Я рассчитался с официантом, но Михаил придержал меня за руку и предложил выпить на посошок. Я не отказался, и тут он, тяжело вздохнув, сказал мне такое, что повергло меня в изумление:

– Вижу, что хороший ты парень, честный, и скажу тебе откровенно: сидели мы с братаном, – и кивнул головой в сторону своего товарища, – тридцать лет на особняке, пятнадцать из них – в закрытке, короче, каждый в одиночной камере. Чтива для души там не было, кроме политической макулатуры, и, чтобы не сойти с ума, все эти годы зубрили наизусть все тома товарища Ленина. От них самих тоже можно было сойти с ума, но мы, как видишь, не сошли, а с братаном всё выучили наизусть. Но за каждую допущенную ошибку при повторении виновный расплачивался со своим экзаменатором дорогой ценой, но какой – не скажу, сам догадаешься. Так что изучали все работы товарища Ленина очень даже старательно, как и никогда нигде у нас его труды никто не изучал.

– И какой вывод из всех его трудов вы сделали? – спросил я на всякий случай, ухмыляясь при этом.

– Скажу так, сказал Михаил, и выражение его лица стало жёстким, неприятным. – Учение товарища Ленина мертво, как сгнившая древесина, непригодная ни для какого дела. Если его учение сейчас применить в реальной жизни, то страна погибнет.

Я не поверил сказанному и передумал уходить.

– Ну а вопрос на засыпку можно задать?

– Валяй, – задорно тряхнув густой шевелюрой, ответил Михаил.

– Какой же главный принцип вы извлекли из всех работ Вождя? – спросил я с лукавым любопытством, надеясь, что уж на этом-то вопросе «корефан» ленинизма растеряется. И напрасно.

– А такой, что главный ленинский принцип из всех его работ остался жить только один: «шаг влево, шаг вправо, стреляем без предупреждения». А кто по центру – стреляем, как центриста. Этот принцип надёжно работает, с буреломного семнадцатого года и по сей день, и его никогда не отменят.
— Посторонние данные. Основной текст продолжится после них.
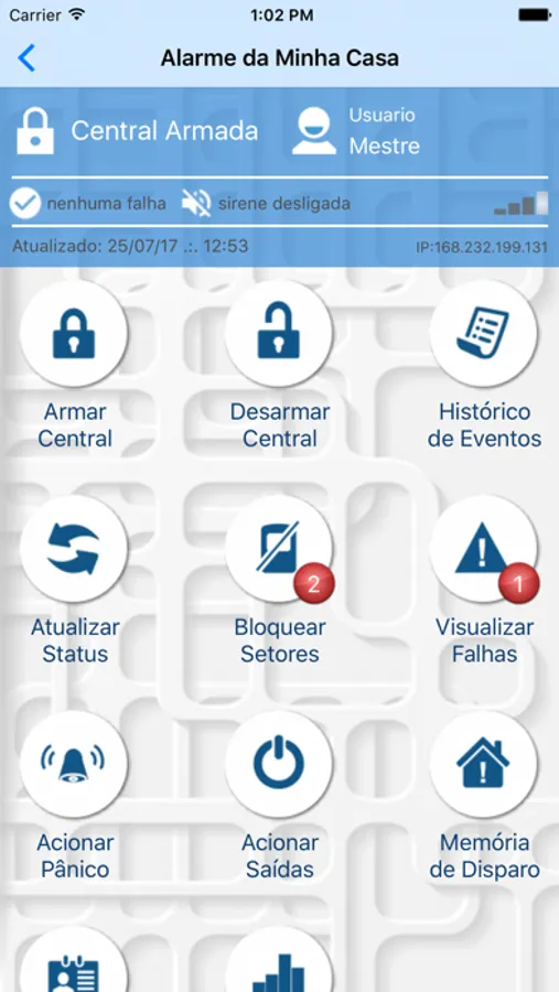 Permite o controle e monitoramento total da central de alarme, gerando notificações conforme o tipo do evento. Histórico completo de todos os eventos enviados e recebidos.
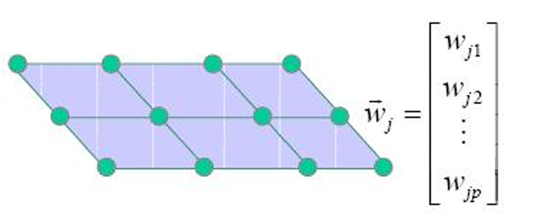 网格中的每个节点代表一个神经元,每个神经元都有一个权重向量 w ⃗ j \vec{w}_j w j,其维度与输入向量相同。
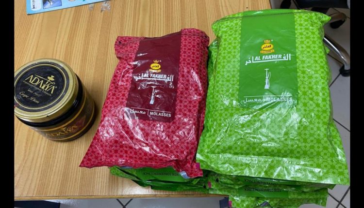 و في نفس الإطار و المتعلق بمحاربة المواد الضارة بالصحة العمومية و خرق الحجر الصحي تمكنت مصالح الدائرة الامنية الخامسة من توقيف سائق سيارة نفعية تم اخضاعها للتفتيش و تبين انها تحمل في صندوقها الخلفي اكياس لمادة المعسل المهربة بلغت وزنها 9 كيلوغرامات، حيث تم وضع السائق رهن تدبير الحراسة النظرية لخرقه مقتضيات الحجر الصحة و كذا حيازته لمادة المعسل المهربة و غير المصرحة جمركيا.
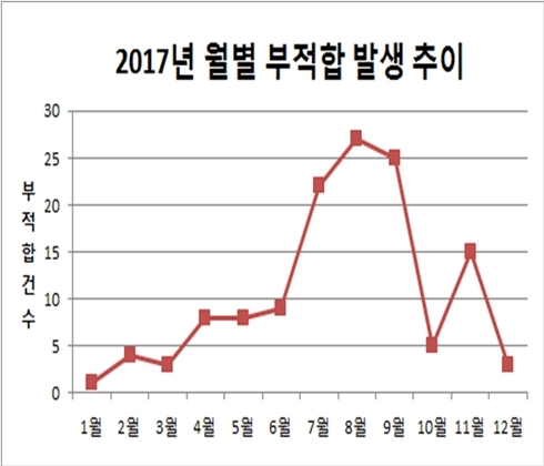 연구원 조사에 따르면 지난해 잔류농약 기준 위반으로 부적합판정을 받은 농산물은 모두 130건으로 이 가운데 57%에 달하는 74건이 여름철인 7월부터 9월까지 발생했다. 연구원은 장마와 기온 상승으로 농가의 농약사용량이 많아지는 것을 주요원인으로 보고 있다.
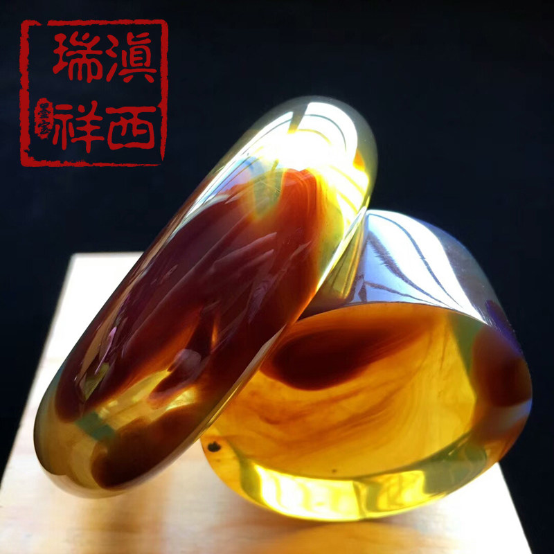 滇西瑞祥 Натуральная янтарная реплика из Мьянмы, двухцветные румяна, женский браслет, 58mm
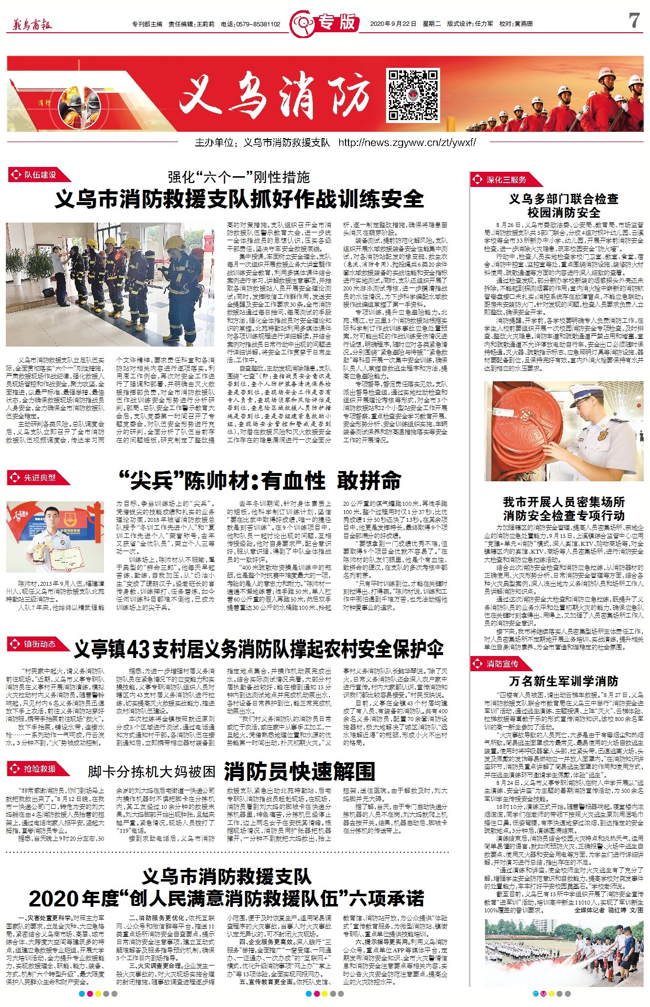 义乌市消防救援支队 2020年度“创人民满意消防救援队伍”六项承诺
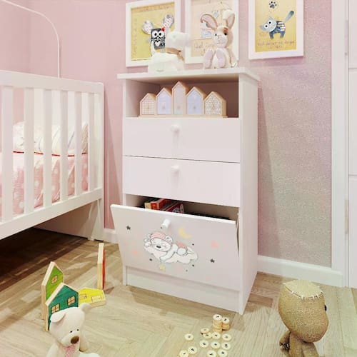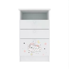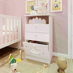 Cômoda Infantil 1 Porta 2 Gavetas 1 Nicho Estampada Kids Espresso Móveis Branco/Urso Rosa. Cômoda infantil kids possui pintura UV, impressão digital com desenho de um lindo ursinho rosa, 1 porta basculante com dobradiça de pressão e freio limitador, 2 gavetas com corrediças metálicas e puxadores em PVC. Seu esquema de montagem é pratico e fácil. Ean: 7908439696142

Это самый надёжный и долгоживущий ленинский принцип, на чём держалась и держится вся власть коммунистов. Остальные его принципы давно себя изжили, по причине вредоносного влияния на всех людей и саму природу.

По дороге домой я пришёл к неожиданному для себя выводу, что самую настоящую академию ленинизма и марксизма они досконально изучили в тюрьме и сделали выводы, которые невозможно было убедительно оспорить, напротив, их выводы сама жизнь тогда подтверждала на каждом шагу, куда ни посмотришь.

– Имей в виду, что последствия от сгинувшего ленинизма в недалёком будущем, для всех «вольняшек» будут болезненными и мучительными, как от тяжёлой похмелюги, – сказал он мне напоследок.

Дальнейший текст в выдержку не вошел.